Information provided.

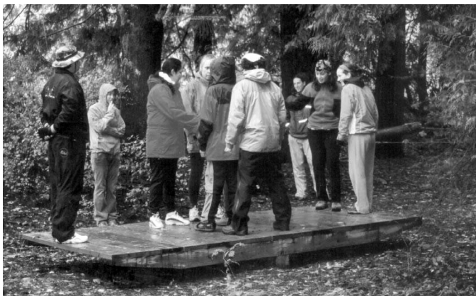
Rope Exercise – Longhouse Leadership Program
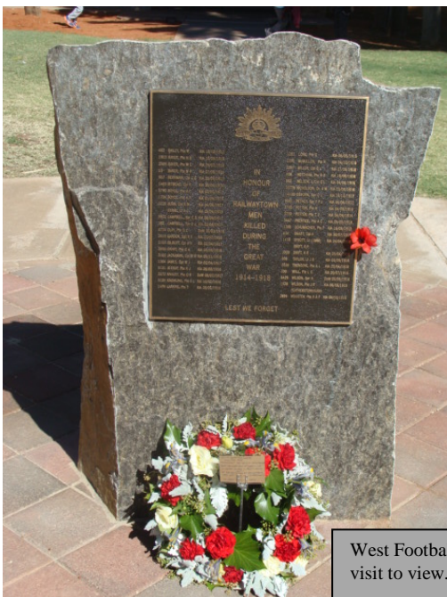
West Football Club Memorial and students visit to view.
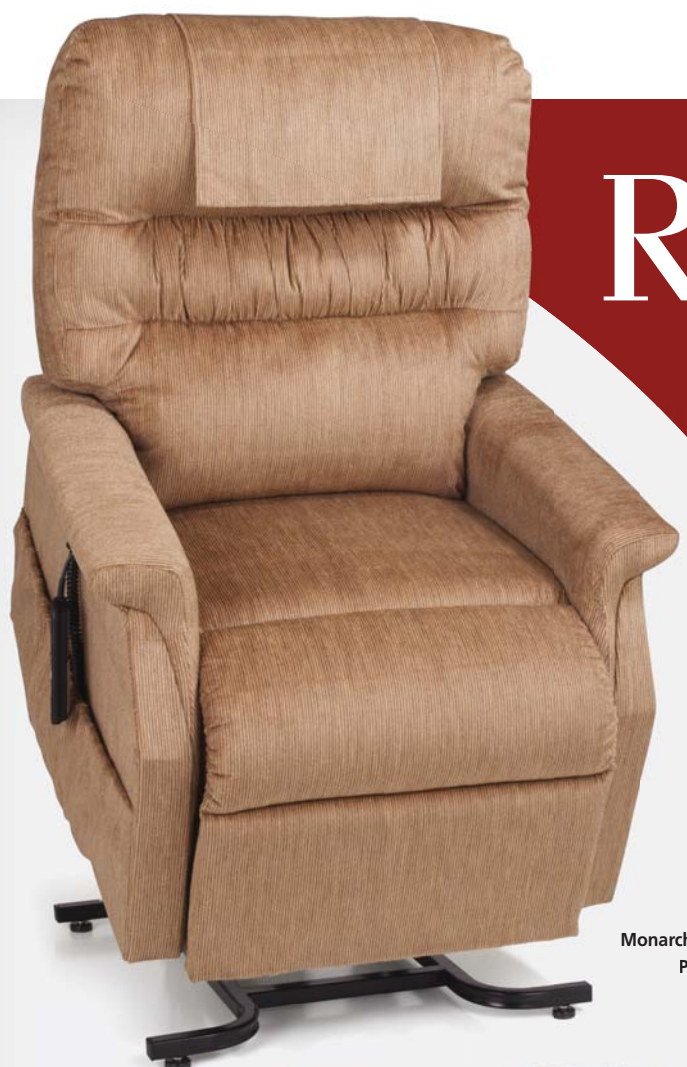
Monarch Plus Medium PR-359M
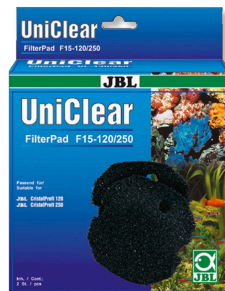
JBL FilterPad F15 Coarse foam pad for aquarium filter CristalProfi
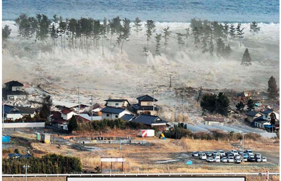
Tsunami March 11, 2011 Japan
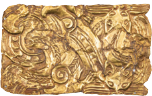
Unknown Chinese Artist, Relief plaque with stylized tigers and phoenixes, ca. 453-221 BCE, gold. Gift of an anonymous donor (2022.20.01)
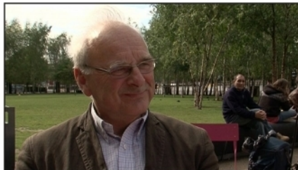
5 We go to _____ a lot of concerts and opera.
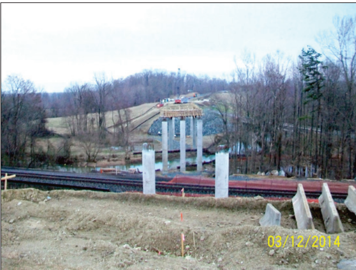
C-4901 Turner Road - Overpass Substructure
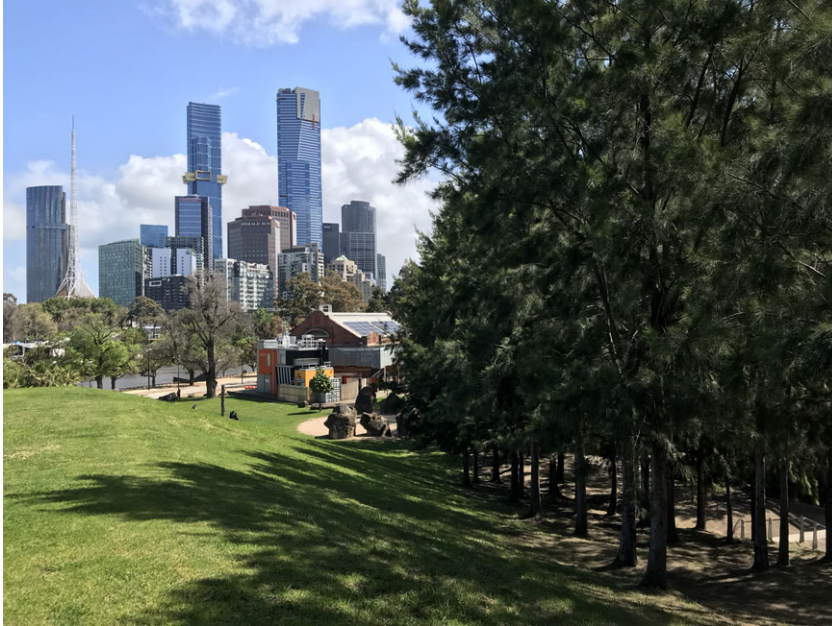
Figure 1. Photograph of Birrarung Marr showing the Victorian era tram station now housing ArtPlay (centre) and the grove of she-oak trees (right).

their sacred birthing trees to make way for a highway not far from our research site at Birrarung Marr (Kirkham, 2023).
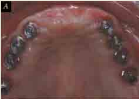
FIGURE 2A Eight dental implants: external hex Osseotite regular diameter (Biomet 3i, Palm Beach Gardens, FL). Implants positioned from canine to first molar regions. Custom gold UCLA abutments with lingual set-screw tap, which will secure a fixed-detachable, crossarch stabilized maxillary porcelain-fused-to-gold prosthesis, anterior-modified ridge-lap design.
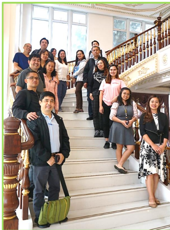
The Participants of the Q1 Performance Review held on 27 April 2023.
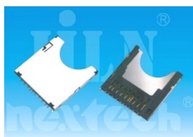
TW7421 SD-card holder SMT (gold flash leads, horizontal SMT type)
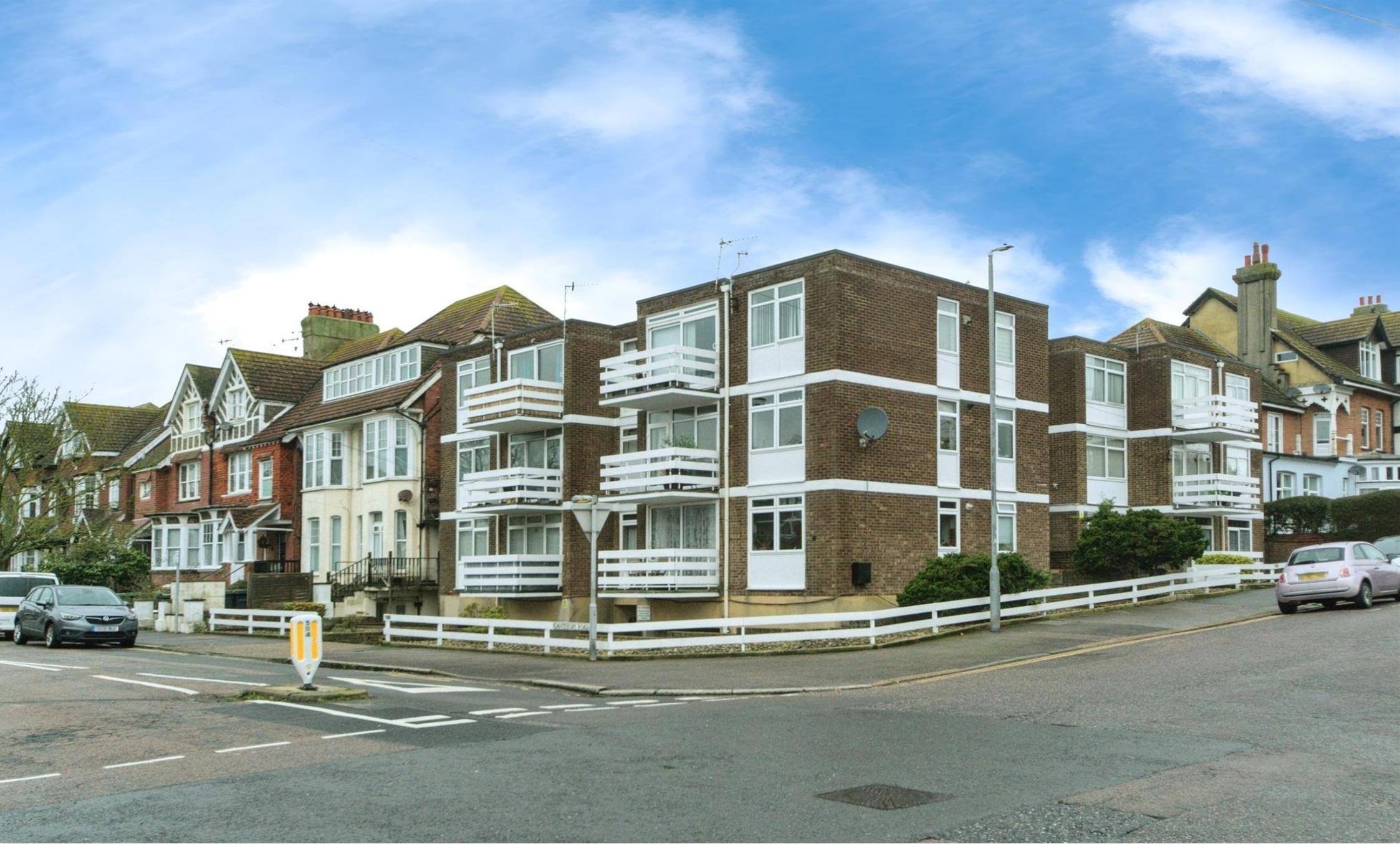
Dennis Morgan Court - Bolebrooke Road, Bexhill-On-Sea TN40 1ER
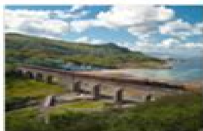
The Jacobites, Loch nan Uamh Viaduct
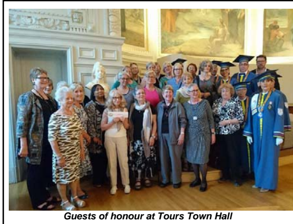
Guests of honour at Tours Town Hall
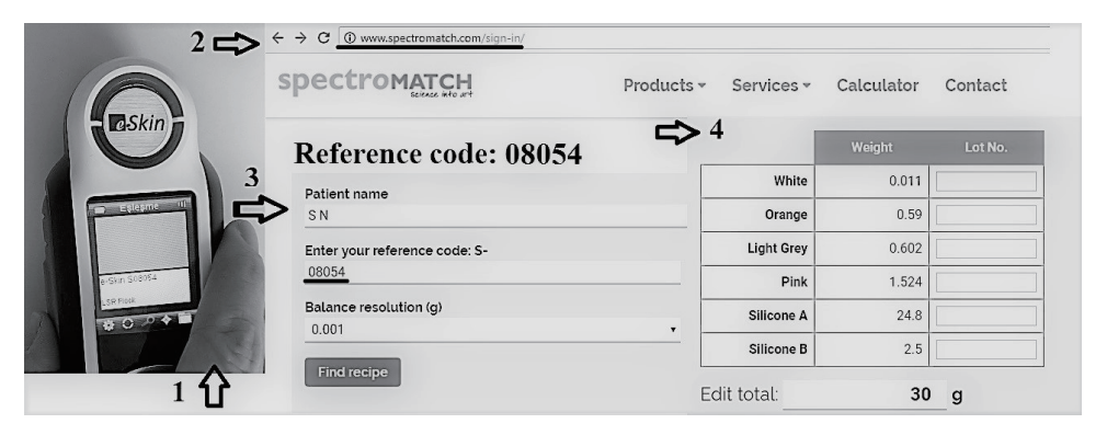
Fig. 2. Four steps of obtaining the recipe for a specimen (Specimen C25-1) using e-skin system (1) Measuring the specimen using spectrocolorometer and obtaining its color code (2) Finding E-skin system's on-line calculator (3) Entering the color code into calculator (4) Obtaining the recipe for a desired amount of silicone.

For assessing the agreement between L*, a*, and b* values of TC and RC silicone specimens, a two-way mixed average measures intraclass correlation coefficient (ICC) for consistency were calculated (confidence intervals set at 95%). For the L*, a*, and b*, the measured ICC was greater than 0.98, indicating excellent reliability between TC and RC silicone specimens (P < .001). In addition, ICC was also calculated for the TP values. Interpretation of ICC scores was based on Cicchetti's recommendations in which ICC of < 0.40 is poor, 0.40 - 0.59 is fair, 0.60 - 0.74 is good, and 0.75 - 1.00 is excellent.14

Work order. Wherever a picture appears in the data, please drop it and retype the rest exactly.

Solved problem.
Rope Exercise – Longhouse Leadership Program
West Football Club Memorial and students visit to view.
Monarch Plus Medium PR-359M
JBL FilterPad F15 Coarse foam pad for aquarium filter CristalProfi
Tsunami March 11, 2011 Japan
Unknown Chinese Artist, Relief plaque with stylized tigers and phoenixes, ca. 453-221 BCE, gold. Gift of an anonymous donor (2022.20.01)
5 We go to _____ a lot of concerts and opera.
C-4901 Turner Road - Overpass Substructure
Figure 1. Photograph of Birrarung Marr showing the Victorian era tram station now housing ArtPlay (centre) and the grove of she-oak trees (right).

their sacred birthing trees to make way for a highway not far from our research site at Birrarung Marr (Kirkham, 2023).
FIGURE 2A Eight dental implants: external hex Osseotite regular diameter (Biomet 3i, Palm Beach Gardens, FL). Implants positioned from canine to first molar regions. Custom gold UCLA abutments with lingual set-screw tap, which will secure a fixed-detachable, crossarch stabilized maxillary porcelain-fused-to-gold prosthesis, anterior-modified ridge-lap design.
The Participants of the Q1 Performance Review held on 27 April 2023.
TW7421 SD-card holder SMT (gold flash leads, horizontal SMT type)
Dennis Morgan Court - Bolebrooke Road, Bexhill-On-Sea TN40 1ER
The Jacobites, Loch nan Uamh Viaduct
Guests of honour at Tours Town Hall
Fig. 2. Four steps of obtaining the recipe for a specimen (Specimen C25-1) using e-skin system (1) Measuring the specimen using spectrocolorometer and obtaining its color code (2) Finding E-skin system's on-line calculator (3) Entering the color code into calculator (4) Obtaining the recipe for a desired amount of silicone.

For assessing the agreement between L*, a*, and b* values of TC and RC silicone specimens, a two-way mixed average measures intraclass correlation coefficient (ICC) for consistency were calculated (confidence intervals set at 95%). For the L*, a*, and b*, the measured ICC was greater than 0.98, indicating excellent reliability between TC and RC silicone specimens (P < .001). In addition, ICC was also calculated for the TP values. Interpretation of ICC scores was based on Cicchetti's recommendations in which ICC of < 0.40 is poor, 0.40 - 0.59 is fair, 0.60 - 0.74 is good, and 0.75 - 1.00 is excellent.14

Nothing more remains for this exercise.